---------- Provided material

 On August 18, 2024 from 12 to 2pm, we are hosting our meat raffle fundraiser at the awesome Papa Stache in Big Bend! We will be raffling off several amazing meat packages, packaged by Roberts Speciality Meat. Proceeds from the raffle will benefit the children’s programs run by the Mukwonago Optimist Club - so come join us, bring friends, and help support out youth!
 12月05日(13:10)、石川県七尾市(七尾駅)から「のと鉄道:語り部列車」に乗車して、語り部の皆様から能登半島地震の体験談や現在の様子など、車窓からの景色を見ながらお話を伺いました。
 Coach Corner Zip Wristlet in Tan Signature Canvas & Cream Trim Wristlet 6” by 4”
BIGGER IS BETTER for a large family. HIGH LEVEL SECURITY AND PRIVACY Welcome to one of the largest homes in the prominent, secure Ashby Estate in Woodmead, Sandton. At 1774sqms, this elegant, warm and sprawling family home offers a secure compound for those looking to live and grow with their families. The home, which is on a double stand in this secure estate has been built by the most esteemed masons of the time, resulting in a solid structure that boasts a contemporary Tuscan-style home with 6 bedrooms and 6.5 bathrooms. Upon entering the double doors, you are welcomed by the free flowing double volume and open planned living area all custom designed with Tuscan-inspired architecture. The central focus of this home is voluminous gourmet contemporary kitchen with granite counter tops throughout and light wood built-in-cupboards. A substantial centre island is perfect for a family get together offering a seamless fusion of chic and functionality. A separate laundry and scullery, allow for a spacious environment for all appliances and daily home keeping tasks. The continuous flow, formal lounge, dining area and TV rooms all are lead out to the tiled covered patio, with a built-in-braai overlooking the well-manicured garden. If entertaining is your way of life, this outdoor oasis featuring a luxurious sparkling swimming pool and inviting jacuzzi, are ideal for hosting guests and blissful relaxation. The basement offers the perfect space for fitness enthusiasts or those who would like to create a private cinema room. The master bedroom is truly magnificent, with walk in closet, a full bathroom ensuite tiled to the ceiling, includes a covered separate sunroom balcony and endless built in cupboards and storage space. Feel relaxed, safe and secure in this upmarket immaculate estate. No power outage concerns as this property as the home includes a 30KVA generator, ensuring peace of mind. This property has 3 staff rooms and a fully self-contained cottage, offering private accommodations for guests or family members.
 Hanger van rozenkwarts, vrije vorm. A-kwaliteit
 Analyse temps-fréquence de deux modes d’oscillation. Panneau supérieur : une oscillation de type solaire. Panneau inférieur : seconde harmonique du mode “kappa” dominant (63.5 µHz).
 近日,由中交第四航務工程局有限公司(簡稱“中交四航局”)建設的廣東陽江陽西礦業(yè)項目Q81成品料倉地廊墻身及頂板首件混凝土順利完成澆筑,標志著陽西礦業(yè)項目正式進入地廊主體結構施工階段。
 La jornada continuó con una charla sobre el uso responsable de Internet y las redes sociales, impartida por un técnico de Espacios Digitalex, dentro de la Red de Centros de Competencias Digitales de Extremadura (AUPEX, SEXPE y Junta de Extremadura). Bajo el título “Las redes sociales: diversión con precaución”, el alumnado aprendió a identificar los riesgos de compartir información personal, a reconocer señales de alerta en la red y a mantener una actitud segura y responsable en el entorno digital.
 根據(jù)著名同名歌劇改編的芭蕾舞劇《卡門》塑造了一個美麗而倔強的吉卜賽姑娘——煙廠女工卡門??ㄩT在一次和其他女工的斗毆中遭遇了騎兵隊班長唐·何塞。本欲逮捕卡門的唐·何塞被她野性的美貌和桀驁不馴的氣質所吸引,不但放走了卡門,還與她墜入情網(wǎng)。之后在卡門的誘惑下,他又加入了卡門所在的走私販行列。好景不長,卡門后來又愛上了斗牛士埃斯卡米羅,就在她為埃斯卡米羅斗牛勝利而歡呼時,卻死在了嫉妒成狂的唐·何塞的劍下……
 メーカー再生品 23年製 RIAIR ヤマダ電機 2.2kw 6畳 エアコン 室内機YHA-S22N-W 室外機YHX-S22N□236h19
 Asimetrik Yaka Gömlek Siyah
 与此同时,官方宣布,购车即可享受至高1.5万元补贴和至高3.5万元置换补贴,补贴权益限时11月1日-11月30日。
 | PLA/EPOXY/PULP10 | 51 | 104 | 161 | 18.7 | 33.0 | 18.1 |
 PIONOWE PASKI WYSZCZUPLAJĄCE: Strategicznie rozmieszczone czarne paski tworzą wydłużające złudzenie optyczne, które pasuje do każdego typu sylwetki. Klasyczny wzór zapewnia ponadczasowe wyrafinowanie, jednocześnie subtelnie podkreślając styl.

--------------------

§ The task
Preserving every character, copy the records above out again.

§ Problem solution
 On August 18, 2024 from 12 to 2pm, we are hosting our meat raffle fundraiser at the awesome Papa Stache in Big Bend! We will be raffling off several amazing meat packages, packaged by Roberts Speciality Meat. Proceeds from the raffle will benefit the children’s programs run by the Mukwonago Optimist Club - so come join us, bring friends, and help support out youth!
 12月05日(13:10)、石川県七尾市(七尾駅)から「のと鉄道:語り部列車」に乗車して、語り部の皆様から能登半島地震の体験談や現在の様子など、車窓からの景色を見ながらお話を伺いました。
 Coach Corner Zip Wristlet in Tan Signature Canvas & Cream Trim Wristlet 6” by 4”
BIGGER IS BETTER for a large family. HIGH LEVEL SECURITY AND PRIVACY Welcome to one of the largest homes in the prominent, secure Ashby Estate in Woodmead, Sandton. At 1774sqms, this elegant, warm and sprawling family home offers a secure compound for those looking to live and grow with their families. The home, which is on a double stand in this secure estate has been built by the most esteemed masons of the time, resulting in a solid structure that boasts a contemporary Tuscan-style home with 6 bedrooms and 6.5 bathrooms. Upon entering the double doors, you are welcomed by the free flowing double volume and open planned living area all custom designed with Tuscan-inspired architecture. The central focus of this home is voluminous gourmet contemporary kitchen with granite counter tops throughout and light wood built-in-cupboards. A substantial centre island is perfect for a family get together offering a seamless fusion of chic and functionality. A separate laundry and scullery, allow for a spacious environment for all appliances and daily home keeping tasks. The continuous flow, formal lounge, dining area and TV rooms all are lead out to the tiled covered patio, with a built-in-braai overlooking the well-manicured garden. If entertaining is your way of life, this outdoor oasis featuring a luxurious sparkling swimming pool and inviting jacuzzi, are ideal for hosting guests and blissful relaxation. The basement offers the perfect space for fitness enthusiasts or those who would like to create a private cinema room. The master bedroom is truly magnificent, with walk in closet, a full bathroom ensuite tiled to the ceiling, includes a covered separate sunroom balcony and endless built in cupboards and storage space. Feel relaxed, safe and secure in this upmarket immaculate estate. No power outage concerns as this property as the home includes a 30KVA generator, ensuring peace of mind. This property has 3 staff rooms and a fully self-contained cottage, offering private accommodations for guests or family members.
 Hanger van rozenkwarts, vrije vorm. A-kwaliteit
 Analyse temps-fréquence de deux modes d’oscillation. Panneau supérieur : une oscillation de type solaire. Panneau inférieur : seconde harmonique du mode “kappa” dominant (63.5 µHz).
 近日,由中交第四航務工程局有限公司(簡稱“中交四航局”)建設的廣東陽江陽西礦業(yè)項目Q81成品料倉地廊墻身及頂板首件混凝土順利完成澆筑,標志著陽西礦業(yè)項目正式進入地廊主體結構施工階段。
 La jornada continuó con una charla sobre el uso responsable de Internet y las redes sociales, impartida por un técnico de Espacios Digitalex, dentro de la Red de Centros de Competencias Digitales de Extremadura (AUPEX, SEXPE y Junta de Extremadura). Bajo el título “Las redes sociales: diversión con precaución”, el alumnado aprendió a identificar los riesgos de compartir información personal, a reconocer señales de alerta en la red y a mantener una actitud segura y responsable en el entorno digital.
 根據(jù)著名同名歌劇改編的芭蕾舞劇《卡門》塑造了一個美麗而倔強的吉卜賽姑娘——煙廠女工卡門??ㄩT在一次和其他女工的斗毆中遭遇了騎兵隊班長唐·何塞。本欲逮捕卡門的唐·何塞被她野性的美貌和桀驁不馴的氣質所吸引,不但放走了卡門,還與她墜入情網(wǎng)。之后在卡門的誘惑下,他又加入了卡門所在的走私販行列。好景不長,卡門后來又愛上了斗牛士埃斯卡米羅,就在她為埃斯卡米羅斗牛勝利而歡呼時,卻死在了嫉妒成狂的唐·何塞的劍下……
 メーカー再生品 23年製 RIAIR ヤマダ電機 2.2kw 6畳 エアコン 室内機YHA-S22N-W 室外機YHX-S22N□236h19
 Asimetrik Yaka Gömlek Siyah
 与此同时,官方宣布,购车即可享受至高1.5万元补贴和至高3.5万元置换补贴,补贴权益限时11月1日-11月30日。
 | PLA/EPOXY/PULP10 | 51 | 104 | 161 | 18.7 | 33.0 | 18.1 |
 PIONOWE PASKI WYSZCZUPLAJĄCE: Strategicznie rozmieszczone czarne paski tworzą wydłużające złudzenie optyczne, które pasuje do każdego typu sylwetki. Klasyczny wzór zapewnia ponadczasowe wyrafinowanie, jednocześnie subtelnie podkreślając styl.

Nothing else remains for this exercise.